Tight margins to impact animal protein

Dec. 9, 2023 | 5 Min read
Animal protein production growth will slow as margins remain tight in 2024, with producers and processors needing to adapt to sustain success, according to Rabobank’s annual Global Animal Protein Outlook report.

Animal protein production growth will slow as margins remain tight in 2024, with producers and processors needing to adapt to sustain success, according to Rabobank’s annual Global Animal Protein Outlook report.

After four years of growth in animal protein production globally, 2024 will see the pace slow or even decline across some protein types.

The shift comes as producers and processors navigate tighter margins due to structural changes to market conditions while higher production costs and tighter supplies will push animal protein prices up and constrain global consumption in 2024.

Input costs and inflation are likely to fall but will remain at a higher level than pre-pandemic however there are signs consumers are growing used to higher prices and in some markets, willing to pay a quality premium.

Demographic shifts will see the labour market tighten and raise production costs, while reduced population growth will slow consumption.

Elsewhere, there will be pressure to invest in upgrading production systems to serve emerging market needs, meet regulatory requirements and cater to changing consumer preferences around sustainability.

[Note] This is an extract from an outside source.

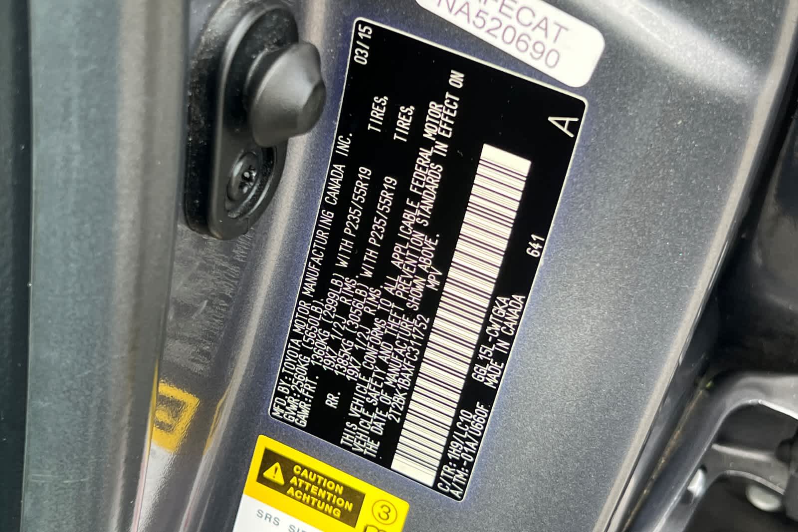 - VIN : 2T2BK1BAXFC311752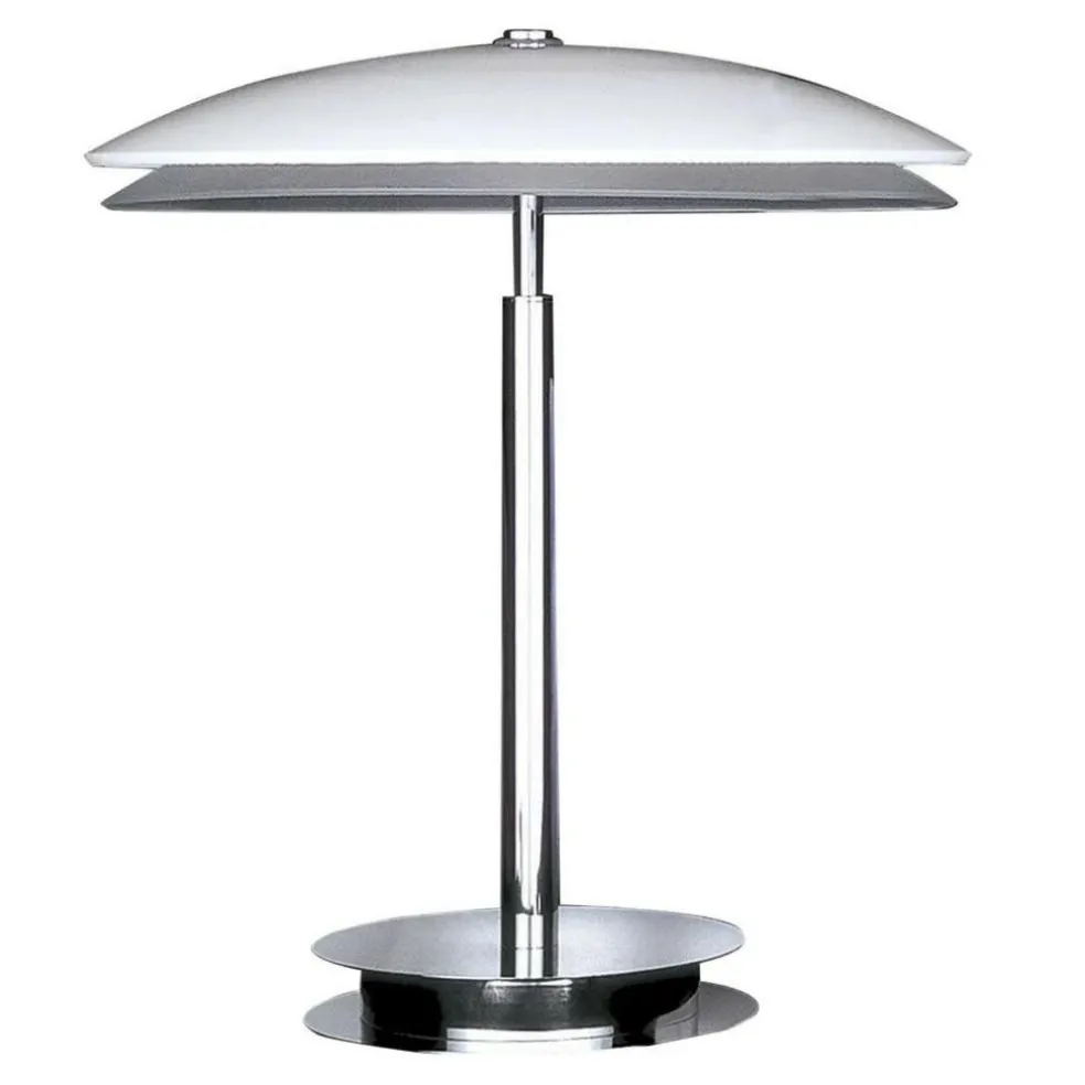 Beim Betrachten der Bis – Tris Tischleuchte werden sofort Assoziationen mit einem Pilz wach. Schließlich ist der Leuchtenschirm in einem deutlichen Halbrund geformt. Außergewöhnlich ist, dass das Modell mit zwei Leuchtschirmen gefertigt wird. Beide bestehen aus sandgestrahltem Glas, wobei der obere an der Innenseite eine Beschichtung aufweist. Dadurch wird der Lichtstrahl auf interessante Weise reflektiert. Einen außergewöhnlichen Kontrast zu den Leuchtschirmen mit matter Oberfläche stellt der Fuß dar: Er ist nämlich aus Messing hergestellt; wahlweise glänzend oder verchromt erhältlich. Der Sockel besteht aus zwei dünnen Scheiben, dazwischen sitzt eine dickere Scheibe mit einem geringeren Durchmesser. Der Schalter der Bis – Tris Tischleuchte ist im Kabel integriert.

Adverse weather conditions and disease also present challenges.

Justin Sherrard.

Rabobank global strategist animal protein Justin Sherrard said, it’s a testament to the resilience and flexibility of businesses along animal protein supply chains that they continue to grow production and deliver on customer expectations, amid such challenging market conditions.

“Despite a cost-of-living crisis putting pressure on consumer finances, there continues to be demand for animal protein and businesses have been able to overcome challenges, from high costs to regulatory uncertainty and disease, to capitalise on it,” Mr Sherrard said.

“For businesses to sustain the success of the past few years, it’s essential they adapt to the structural changes in the market. Instead of simply riding out the storm, animal protein businesses need to take stock of their strengths and prepare to transition their supply chains to operating in an environment with high costs and tight margins.”

Global production growth

Rabobank analysts forecast marginal year-on-year production growth in the major markets of North America, Brazil, Europe, Oceania, China and Southeast Asia of 0.6

million tons – or 0.5 per cent – to a total of 247 million tons next year. This is against a 2.1 million tons, or one per cent growth, in 2023.

Poultry and aquaculture will be the only two protein groups to see production grow in 2024, predicts Rabobank, though it will be slower than in 2023.

Beef will continue the decline seen in 2023, moving with changes in cattle cycles in North America, while pork production will also contract modestly.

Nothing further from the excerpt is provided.